Gemini 3.x models should reliably parse and extract information from uploaded PDF documents, at parity with — or better than — Gemini 2.5 Flash, including applying a fallback to the /Differences encoding array when a /ToUnicode map is absent (see Technical Recommendation below).


Root Cause Analysis

I analysed four failing files and two working reference files to isolate the cause. The pattern is clear and fully reproducible.

File matrix

File Producer /ToUnicode missing on Ingestion result
LU0089290844_KID.pdf Neevia docCreator v4.5 All Type1 fonts (R10, R12, R14) :cross_mark: Fails — empty
LU2533812058_KID.pdf Neevia docCreator v4.5 All Type1 fonts (R10, R12, R14, R35) :cross_mark: Fails — empty
LU2314312922_KID.pdf Neevia docCreator v4.5 All Type1 fonts (R10, R12, R14, R39) :cross_mark: Fails — empty
LU2526007799_KID.pdf Neevia docCreator v5.0 /R39 on page 2 only :warning: Partial — page 2 text corrupted
PRIIP_KID_F0GBR04BQM_299.pdf Neevia docCreator v5.0 None :white_check_mark: OK

Primary cause — Missing /ToUnicode maps on Type1 fonts

All failing files share the same structural defect: their Type1 fonts use a custom /Encoding with a /Differences array (a non-standard glyph mapping where character codes do not correspond to Unicode code points) but do not include a /ToUnicode map.
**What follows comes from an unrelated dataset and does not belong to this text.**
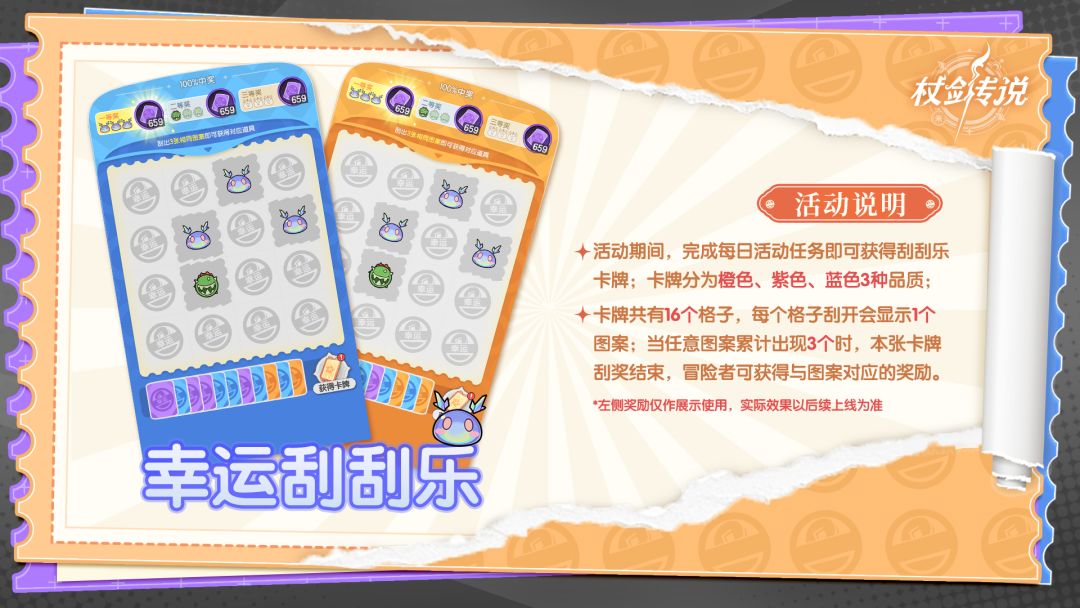 冒险者们大家好呀!这里是《杖剑传说》运营艾琳!星光史莱姆,无论出现在哪里似乎都是好运的征兆呢!如果同时出现三只,一定是头奖吧!今天给大家带来新一期活动情报——【幸 运 刮 刮 乐】【幸运...

Example font table from LU0089290844_KID.pdf (page 1):

Font Subtype Encoding /ToUnicode
/R10 Type1 Custom (WinAnsiEncoding + /Differences) ABSENT
/R12 Type1 Custom (WinAnsiEncoding + /Differences) ABSENT
/R14 Type1 Custom (WinAnsiEncoding + /Differences) ABSENT
/R7 TrueType -– Present

Without a /ToUnicode map, the text renders visually correctly but cannot be extracted as Unicode text. A conforming PDF text extractor (per ISO 32000) obtains unmappable glyphs and effectively sees an empty document — which is precisely the behavior observed with Gemini 3.x.

The partial-failure case strengthens the diagnosis

LU2526007799_KID.pdf (produced by the newer v5.0) is particularly revealing: only font /R39 on page 2 lacks /ToUnicode. The rest of the document is extracted correctly, but page 2 produces corrupted output (unresolved placeholders such as |num07070oneoffcostsportfolioentrycost| and disordered rows in the cost section). This confirms that the failure is per-font and proportional to the missing maps — not a binary all-or-nothing parser failure.

Correlation with the PDF generator

All files produced by Neevia docCreator v4.5 systematically omit /ToUnicode on Type1 fonts with custom encoding. Files produced by v5.0 include it. This is a defect in the upstream generation tool, but the issue reported here remains valid on Google’s side: the Gemini 3.x ingestion pipeline does not apply the ISO 32000-compliant fallback when /ToUnicode is absent, whereas Gemini 2.5 Flash does.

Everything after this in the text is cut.